Your goal: All pictures are to be excluded when the data below is output verbatim.

Provided data:
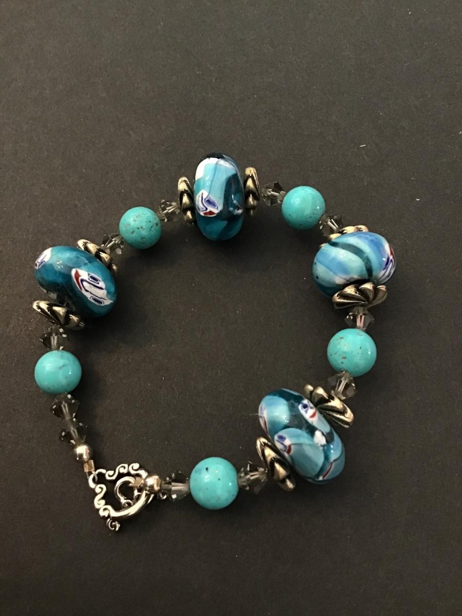 Beautiful blue glass beaded vintage bracelet
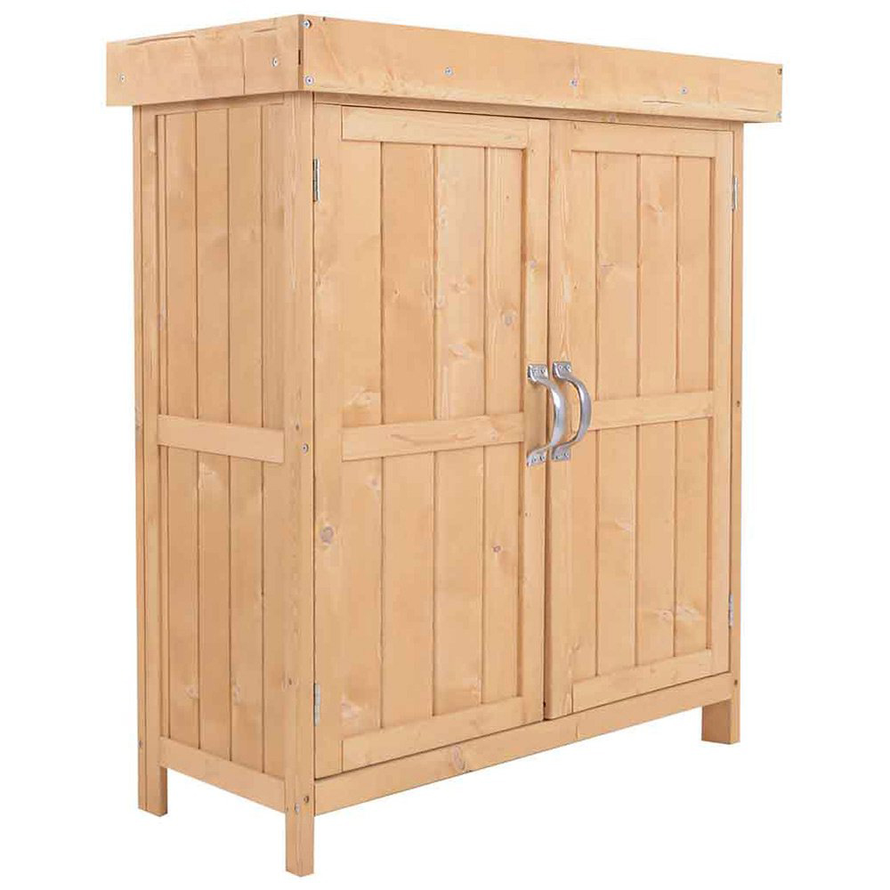 The Outsunny Burlywood Garden Storage Shed offers secure storage for all your gardening needs. Access your tools easily via double front doors or the convenient top lid. Built from solid wood for stability, this shed features a water-resistant asphalt roof and a painted wooden surface, ensuring durability for outdoor use. A hinged roof provides ventilation, and the two-tier shelving system offers ample space for organising your gardening tools and accessories. Product Dimensions: H88 x W43 x L74cm. Bottom Size: W37 x L69cm. Floor Space: 0.255m². Per Door Size: H69 x L32cm. Per Shelf Size: W33 x L65cm. Per Shelf Weight Capacity: 15kg.
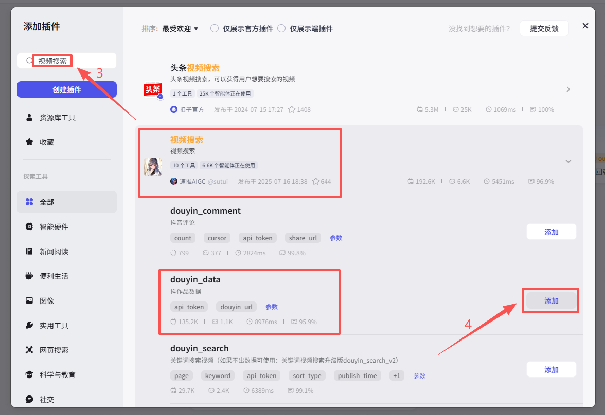 在输入框中输入视频搜索,看到我们框选出来的这个插件,选择添加他的douyin_data接口
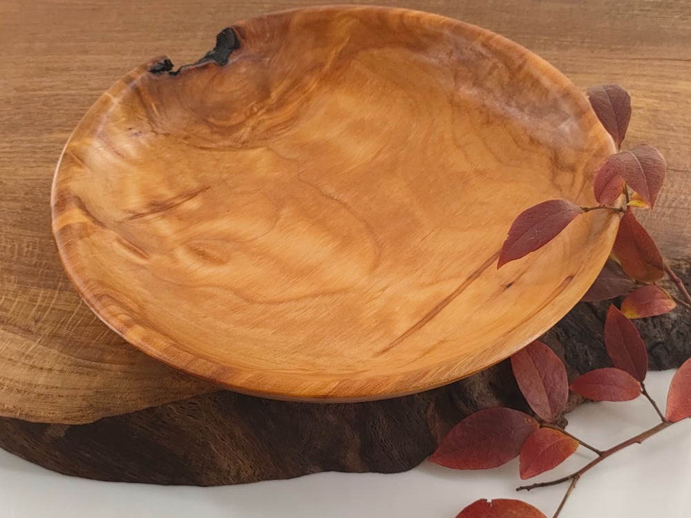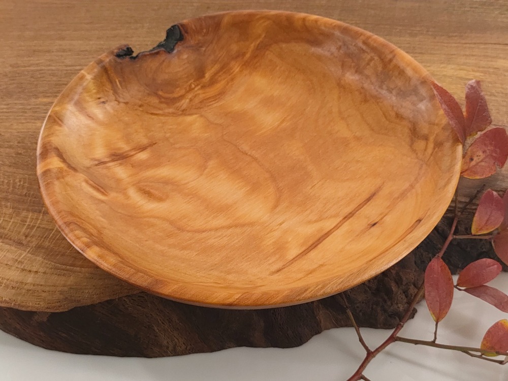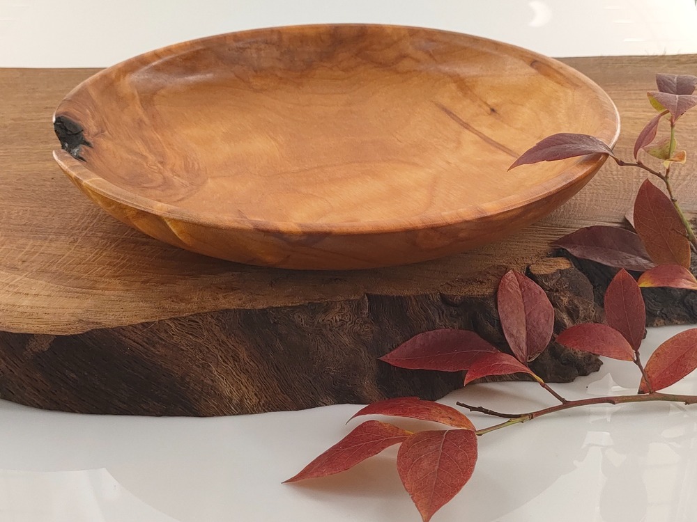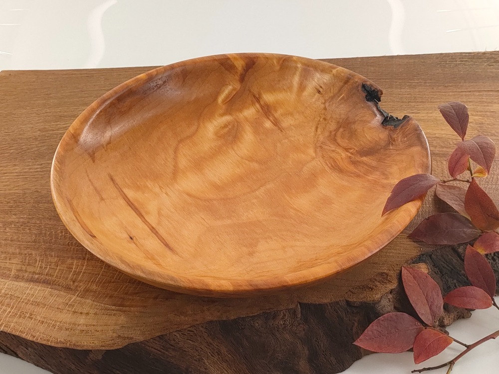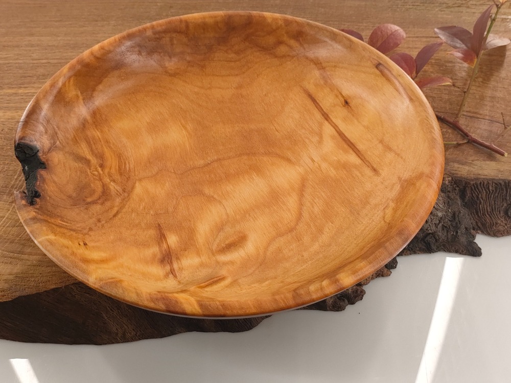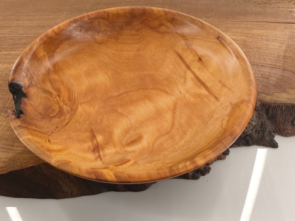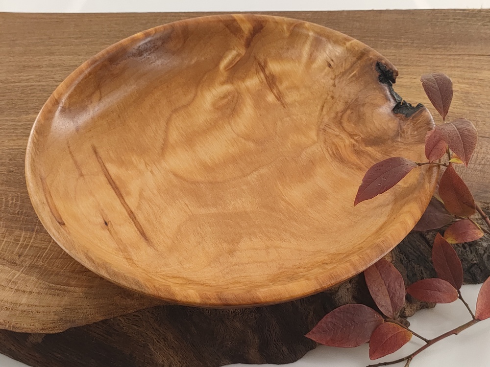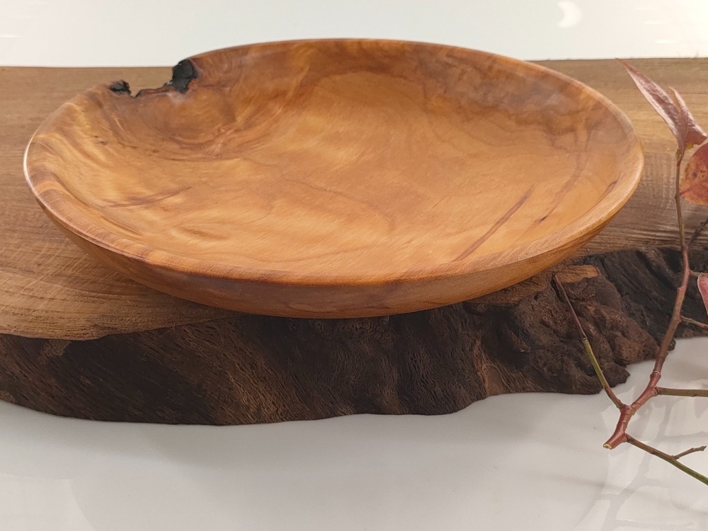 Kod produktu: 982 Nr 094Ręcznie wykonany w naszej pracowni talerz z starej kolorowej brzozy o subtelnych przejściach tonalnych i naturalnym, ciepłym odcieniu drewna. Delikatny, płaski kształt podkreśla unikatowy rysunek słojów i elegancką prostotę formy.

Answer for this exercise:
 Beautiful blue glass beaded vintage bracelet
 The Outsunny Burlywood Garden Storage Shed offers secure storage for all your gardening needs. Access your tools easily via double front doors or the convenient top lid. Built from solid wood for stability, this shed features a water-resistant asphalt roof and a painted wooden surface, ensuring durability for outdoor use. A hinged roof provides ventilation, and the two-tier shelving system offers ample space for organising your gardening tools and accessories. Product Dimensions: H88 x W43 x L74cm. Bottom Size: W37 x L69cm. Floor Space: 0.255m². Per Door Size: H69 x L32cm. Per Shelf Size: W33 x L65cm. Per Shelf Weight Capacity: 15kg.
 在输入框中输入视频搜索,看到我们框选出来的这个插件,选择添加他的douyin_data接口
 Kod produktu: 982 Nr 094Ręcznie wykonany w naszej pracowni talerz z starej kolorowej brzozy o subtelnych przejściach tonalnych i naturalnym, ciepłym odcieniu drewna. Delikatny, płaski kształt podkreśla unikatowy rysunek słojów i elegancką prostotę formy.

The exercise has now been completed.